● What is being asked: Emit a verbatim copy of the lines below from the line with "RUHHY komplektā ir" through the line with "標題[賣/台南/安南] 商60旁遠雄安南町河景3房平車", excluding pictures and everything outside that range.

● Material for this task:
——

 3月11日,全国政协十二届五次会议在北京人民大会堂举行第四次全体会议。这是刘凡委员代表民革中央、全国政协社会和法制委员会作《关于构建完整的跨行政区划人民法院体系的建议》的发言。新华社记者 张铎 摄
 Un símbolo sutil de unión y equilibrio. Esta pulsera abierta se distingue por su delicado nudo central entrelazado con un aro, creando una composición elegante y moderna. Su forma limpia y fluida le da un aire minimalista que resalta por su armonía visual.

——

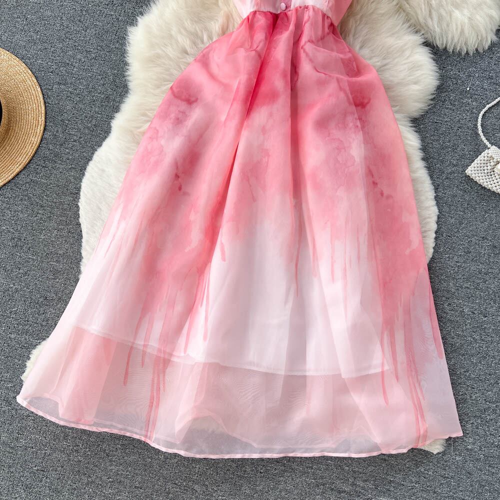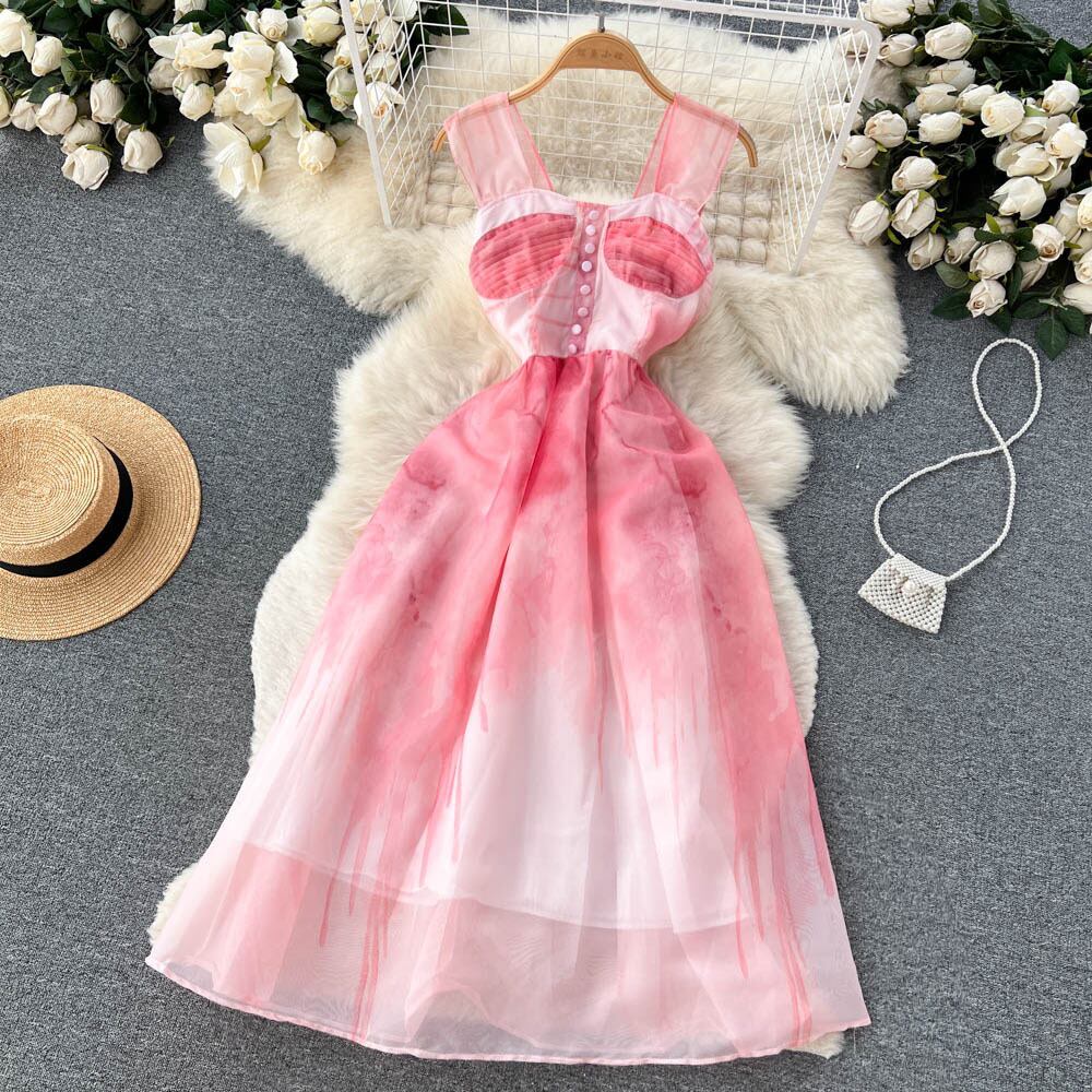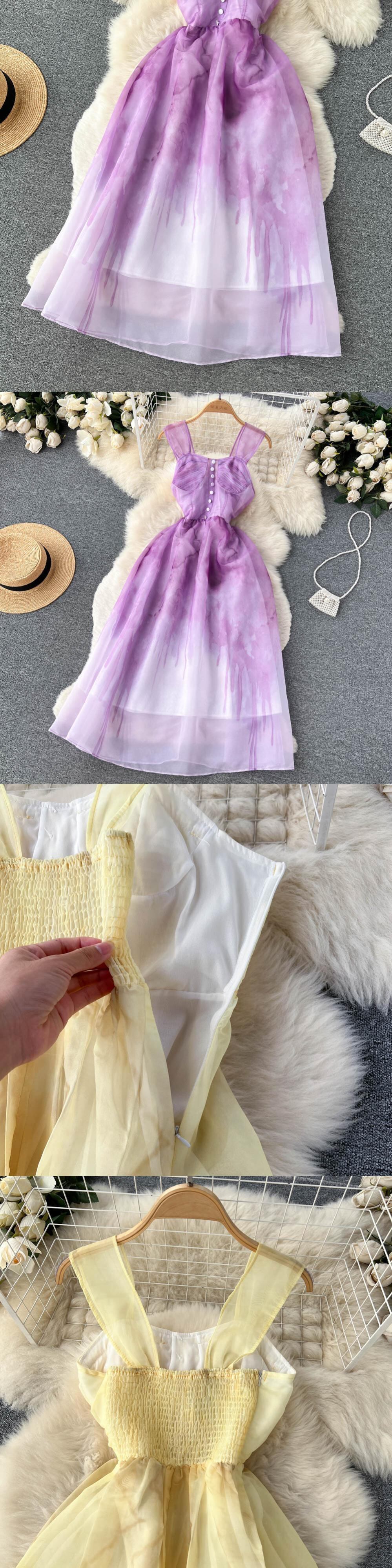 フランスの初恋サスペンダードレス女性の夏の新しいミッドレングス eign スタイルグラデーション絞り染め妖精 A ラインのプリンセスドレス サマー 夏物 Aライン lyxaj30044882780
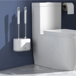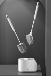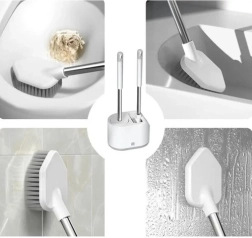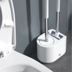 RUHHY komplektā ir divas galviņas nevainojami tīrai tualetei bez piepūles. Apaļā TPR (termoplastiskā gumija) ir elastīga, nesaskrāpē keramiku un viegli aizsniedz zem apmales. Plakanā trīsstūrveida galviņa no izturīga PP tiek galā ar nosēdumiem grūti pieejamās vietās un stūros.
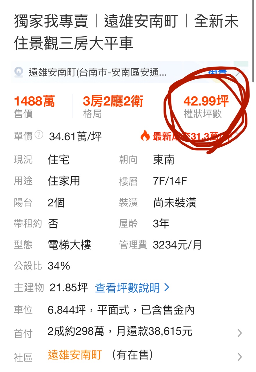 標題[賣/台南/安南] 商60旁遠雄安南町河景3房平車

——

● Task output:
 RUHHY komplektā ir divas galviņas nevainojami tīrai tualetei bez piepūles. Apaļā TPR (termoplastiskā gumija) ir elastīga, nesaskrāpē keramiku un viegli aizsniedz zem apmales. Plakanā trīsstūrveida galviņa no izturīga PP tiek galā ar nosēdumiem grūti pieejamās vietās un stūros.
 標題[賣/台南/安南] 商60旁遠雄安南町河景3房平車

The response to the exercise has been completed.